Jerome Dazzell, Director of New Training Initiatives and resident Salesforce admin/developer at Per Scholas, is a strategic, multidisciplinary tech enthusiast, who is always looking to explore new technologies. At Per Scholas he project manages change initiatives to tech training programs that serve over 400 adults and 50 employers per year. One recent initiative he has worked on is a collaboration with Doran Jones to re-shore 120 software testing jobs to the South Bronx.Prior to joining Per Scholas, Jerome had a career in retail banking. He currently resides in the Bronx and wants to do all that he can to help the borough transition into a major tech hub.
Since his election, he has been a steadfast champion of immigrants’ rights and lower- and middle-income families. Assemblyman Moya has been the lead sponsor for a number of high-profile pieces of legislation, including the New York DREAM Act, the Justice for Job-Seekers Bill, and the New York Immigrant Family Unity Project.
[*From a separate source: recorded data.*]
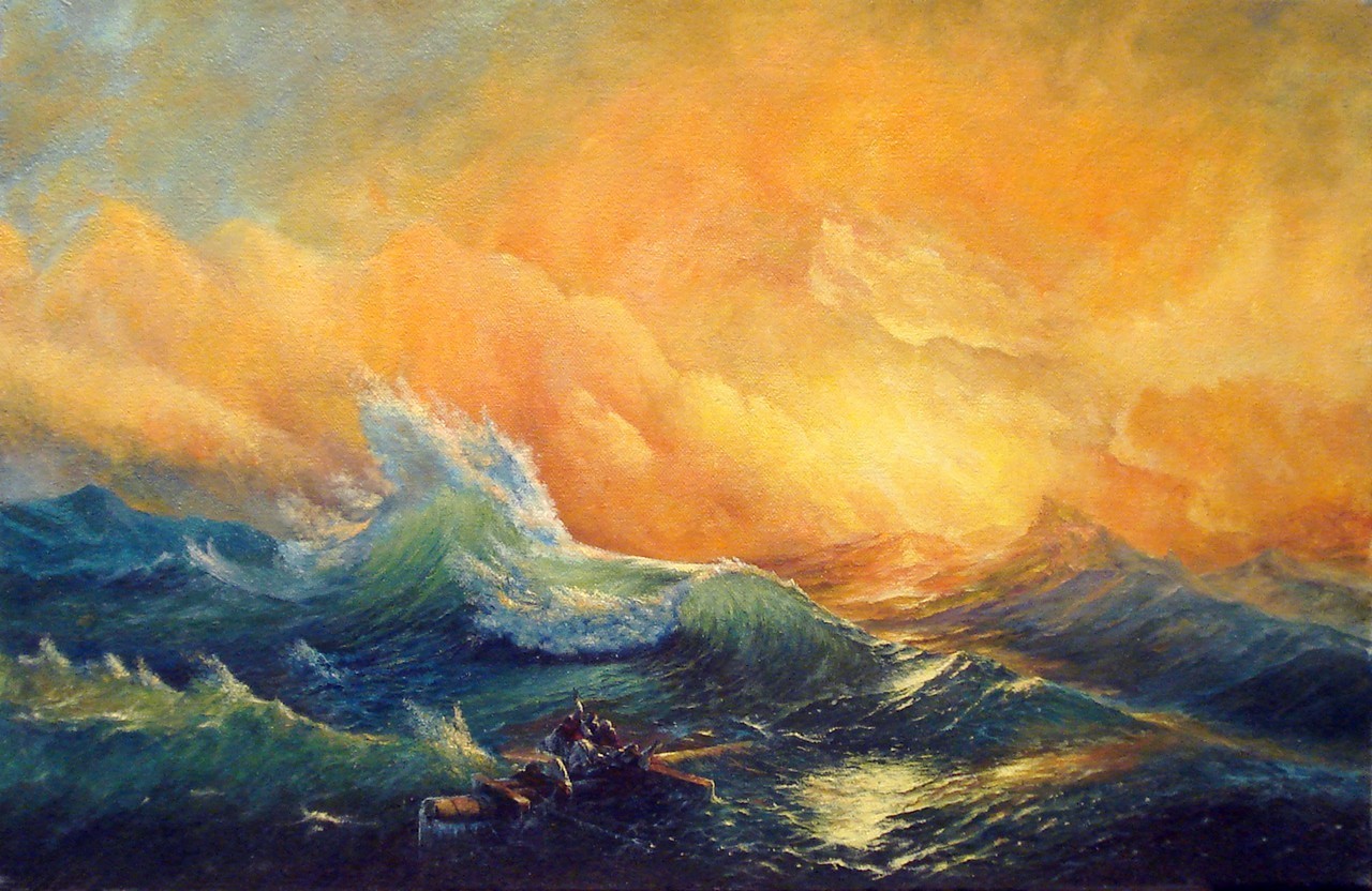 На небе одинокое солнце пытается пробиться через множество облаков и миллионы брызг от волн. Небо сделано в технике мазок маслом. Автор мазок за мазком клал масло выписывая бордовое и слегка розовое закатное небо. на переднем плане изображены моряки, потерпевшие крушение своего корабля. они пытаются пробиться сквозь большие волны. бесконечное море и грозные, большие волны так и хотят забрать их с собой на морское дно.
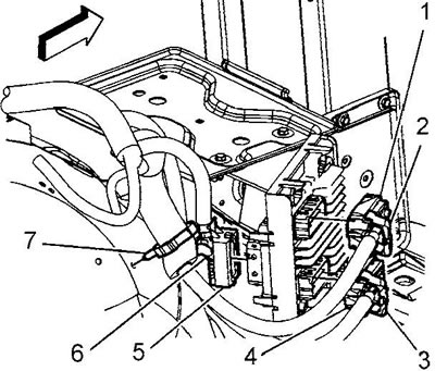 4. Отсоедините фиксатор (3) нижнего пучка проводов и разъедините разъем (4) блока управления.
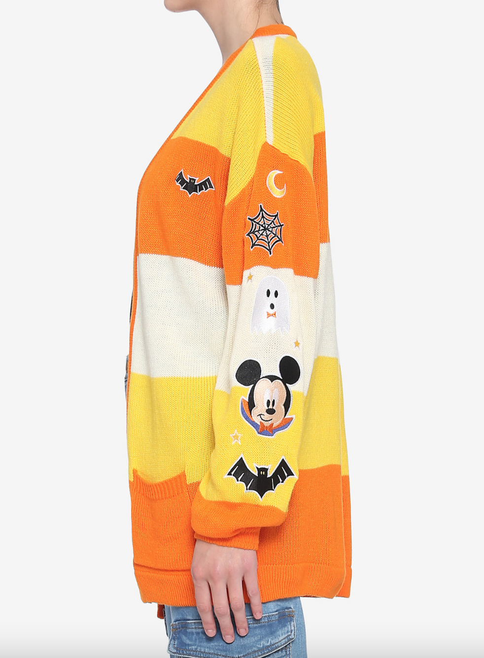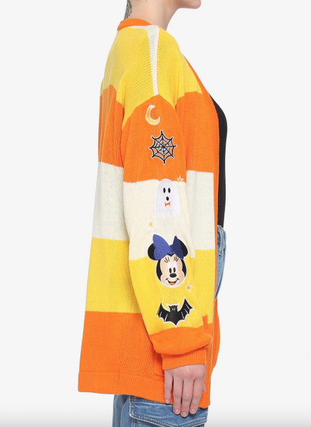 The cardigan features those signature candy corn colors. And the sleeves are FULL of details, like a Minnie Mouse patch, an embroidered crescent moon, and a little ghost friend!
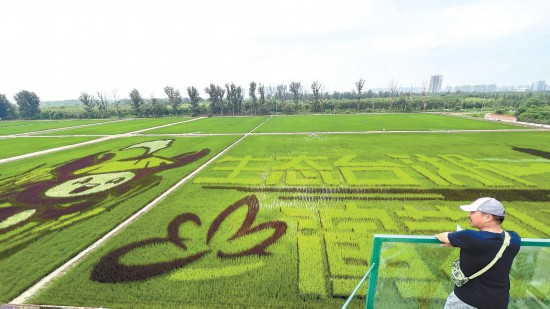 田園畫(huà)卷 青翠宜人 巨幅稻田畫(huà)添彩臺(tái)湖
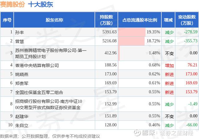 根据赛腾股份2025年三季报公布的十大股东详情如下:

Prior to his election to the Assembly, Francisco worked for two members of Congress and served as the Associate Director of Business Development for the Queens Health Network at Elmhurst Hospital. In his capacity at Elmhurst Hospital, he helped develop the first clinic in Queens dedicated solely to women’s health.
In 2003, Francisco was named Secretary to the Senate for then-Senate Minority Leader David A. Paterson, and became the highest-ranking Latino in state government.
Francisco received his Bachelor’s degree from St. John’s University and was a National Urban Fellow at Baruch College, where he earned his Master’s in Public Administration. As a lifelong resident of Corona, Queens, he is proud to serve the people of his hometown in Albany.
Dr. Matthew Cotter has been the director of College Now at Bronx Community College since 2010. He received his PhD in American history from the CUNY Graduate Center in 2013 and wrote about the character and content of American higher education in the 20th century. He has taught throughout CUNY for the past decade and is the editor of Sidney Hook Reconsidered (Prometheus Books, 2004).